Wishing you all the best.

Sincerely,
Dr.
Ding Shuo-Yan

Reply Date: 2010/08/16

More Info


Navigating mental health challenges, especially within a family context, can be incredibly overwhelming and distressing. As a mother, your concern for your daughter's well-being is palpable, and it’s clear that you are deeply invested in finding the right path forward for her. The situation you describe indicates that your daughter is experiencing significant emotional turmoil, which may include anxiety, depression, and possibly suicidal ideation. Here are some thoughts and recommendations based on your description.

Firstly, it’s essential to acknowledge that your daughter's feelings and behaviors are serious and warrant immediate attention. The fact that she has expressed thoughts of self-harm and has created plans for suicide is alarming. This indicates that she may be in a crisis, and it is crucial to take these signs seriously. If she is expressing a desire to harm herself or has made plans to do so, it may be necessary to seek emergency help, even if she is resistant to it. In situations where there is an imminent risk of self-harm, it is often appropriate for family members to intervene, even against the individual's wishes, to ensure their safety.

Regarding the therapy sessions, it seems there is a disconnect between your daughter and her therapist. If your daughter feels that the sessions are not beneficial and is expressing frustration with the process, it may be worth considering a change in therapists. A good therapeutic relationship is built on trust and understanding, and if she feels misunderstood or unsupported, it could hinder her progress.

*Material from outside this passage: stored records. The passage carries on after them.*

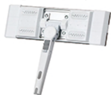
EFウィンドークリーナーハンディ

今回は、ムラの出やすい鏡やガラスの拭き掃除がしっかりできる「EFウィンドークリーナーハンディ」をご紹介します。かという、毎朝起きた時や出かける前の準備で、鏡を見て、髪ボサボサじゃないか？今日の顔色どうかとか、自分をチェックしますよね？その時にふと焦点を鏡に移したら、あれ？水滴跡ついているな、歯磨き粉飛んだ跡が残っている！上の方に埃が……とか目につくことがあります。私の家では掃除は週末と決めているのですが、気付けてしまったら気になりますので、キレイにしたくてたまりません。しかし、身長の低い私にとって鏡をキレイに拭き上げるのは重労働です。洗面台の鏡はそれ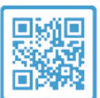
Folder Ontevreden of klachten?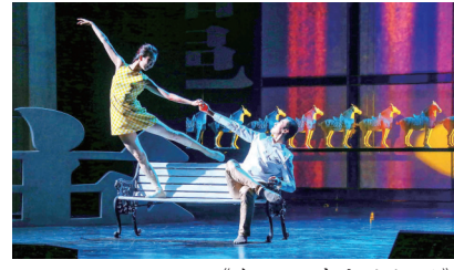
《在洛阳诗意地栖居》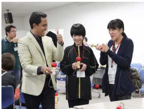
日本の文化的体験を通じた交流活動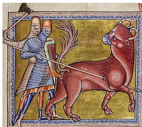
Fig. 14 : Bonasus , fol. 12r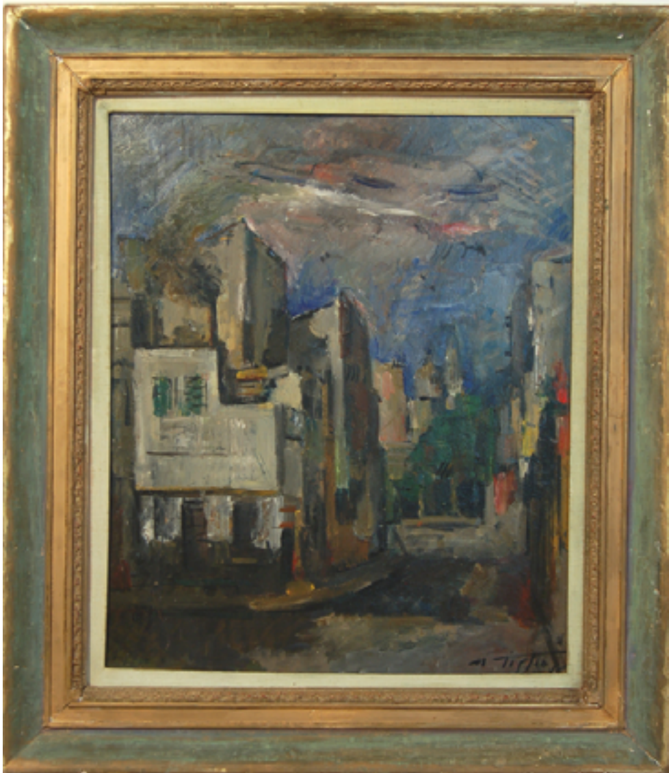
▶ Puebla, Martha / “La montaña azul” / Pintura / Año de realización 1952

However, it’s also important to approach this change delicately, as your daughter may already be feeling vulnerable.

You mentioned that the therapist suggested that hospitalization might not be beneficial. While this may be true in some cases, it’s crucial to weigh the risks and benefits carefully. If your daughter’s condition is deteriorating, and she is exhibiting severe symptoms, hospitalization might be necessary to provide her with a safe environment and intensive support. It’s essential to communicate openly with her healthcare providers about your concerns and to advocate for your daughter's needs.

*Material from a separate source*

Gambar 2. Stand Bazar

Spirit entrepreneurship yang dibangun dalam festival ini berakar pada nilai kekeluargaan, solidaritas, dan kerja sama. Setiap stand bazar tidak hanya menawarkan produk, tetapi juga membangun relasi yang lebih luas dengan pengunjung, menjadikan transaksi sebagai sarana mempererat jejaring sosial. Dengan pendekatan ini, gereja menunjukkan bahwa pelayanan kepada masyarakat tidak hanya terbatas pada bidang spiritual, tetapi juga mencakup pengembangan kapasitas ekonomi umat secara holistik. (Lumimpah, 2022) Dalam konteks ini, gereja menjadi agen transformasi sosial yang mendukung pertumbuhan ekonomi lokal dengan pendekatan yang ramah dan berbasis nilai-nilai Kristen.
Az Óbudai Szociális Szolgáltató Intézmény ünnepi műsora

In terms of your daughter's anxiety and physical symptoms, such as shaking and loss of appetite, these could be manifestations of her mental health struggles. It’s important to address these symptoms holistically. Encourage her to engage in self-care practices, such as regular meals, hydration, and gentle physical activity, if she is able. Sometimes, medication adjustments may also be necessary, and this is something that should be discussed with her psychiatrist.

As a mother, your role in supporting your daughter is invaluable. While it’s understandable to feel frustrated and helpless, your presence and willingness to listen can make a significant difference. Encourage her to express her feelings, and validate her experiences without judgment. It might also be helpful to seek support for yourself, as caring for someone with mental health challenges can be emotionally taxing. Consider joining a support group for parents of children with mental health issues, where you can share experiences and gain insights from others in similar situations.

Lastly, it’s essential to maintain open lines of communication with your daughter. Let her know that you are there for her, and that it’s okay to talk about her feelings, no matter how difficult they may be. Reassure her that seeking help is a sign of strength, not weakness, and that you are willing to support her in finding the right resources.

In conclusion, your daughter’s mental health is a priority, and it’s crucial to take her feelings seriously. Advocate for her needs, consider changing therapists if necessary, and don’t hesitate to seek emergency help if her safety is at risk. Remember to take care of yourself as well, as your well-being is essential in supporting your daughter through this challenging time.